Lee & Hsiang [42] implemented a re-ranking approach for patent prior art search using a BM25 model for the first retrieval and then a re-ranker using the cosine similarity and BERT embeddings. As they only used the BERT embeddings, they train BERT using the plain text file architecture which has one sentence per line, and all the examples are positive. Their re-ranking effectiveness was satisfactory, but they found that calculating semantic similarities between longer texts is still challenging.
Althammer et al. [
18] trained a BERT model using patent documents, and they used the BERT paragraph-level interaction architecture [43] and compared the retrieval performance with BM25. They found BM25 to perform better than BERT.
Dai & Callan [44] found that BERT-based re-rankers performed better on longer queries than short keyword queries. Therefore, as patent retrieval involves long queries, it makes sense to train a BERT re-ranker for the patent domain. Padaki et al. [45] worked on query expansion for BERT re-ranking. They found that queries need to have a rich set of concepts and grammar structures to take advantage of BERT-base re-rankers. The traditional word-based query expansion that results in short queries is not sufficient, and they found that BERT achieved higher accuracy when using longer queries.
Beltagy et al. [46] presented longformer, a BERT-like model designed to work with long documents. It combines a local attention mechanism in combination with a global one allowing the processing of longer documents. Longformer can take as input documents up to 4096 tokens long, eight times more than the BERT’s maximum input.
Kang et al. [
2] worked on prior art search performance by solving the binary classification problem of classifying patent documents as noisy and not relevant in order to be removed from the search and find valid patents using BERT model.
Lee & Hsiang [
17] worked on patent classification using the BERT model. They fine-tuned a BERT model and used it for CPC classification. They also showed that using only the claims is sufficient for patent classification.

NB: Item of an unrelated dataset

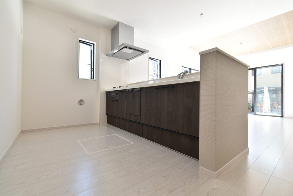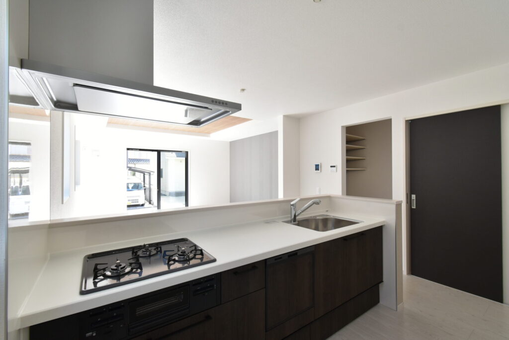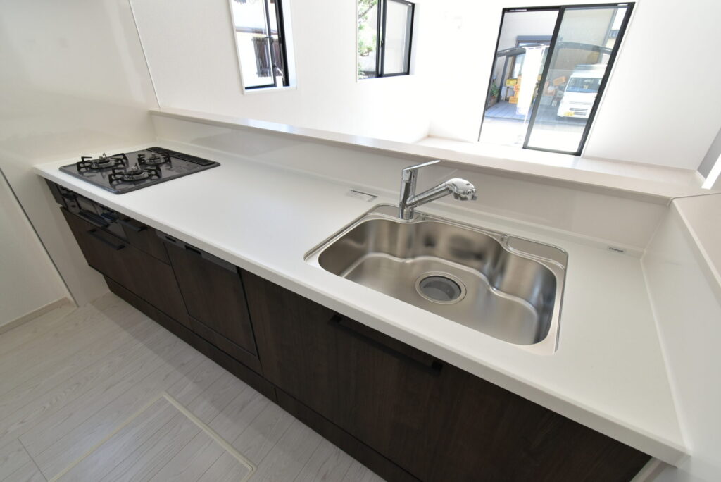 キッチンは、広々としたシンクと作業スペース、火力抜群のガスコンロ、そして食洗機付き!食事の準備も片付けも、スムーズにできそう。

We use a BERT re-ranker along with a BM25 model for the first-stage retrieval. BERT model is used a gate-based function that modifies BM25 score according to BERT’s relevance score. The main challenge is the lack of appropriate data for training such a model. Also, BERT can take a maximum input of 512 tokens. We use only the abstract, as the abstract is mandatory for every patent document and is a good description of the invention. The first step is to create a dataset of the relevant abstracts. We used the MAREC dataset [47], and from each patent document, we will found its citations and used them to create a dataset of relevant abstracts. This result in 80 million pair of abstracts 50% of which are positive and 50% are negative. We then trained the BERT model using this data and compare with BM25 and found the method to be superior to BM25.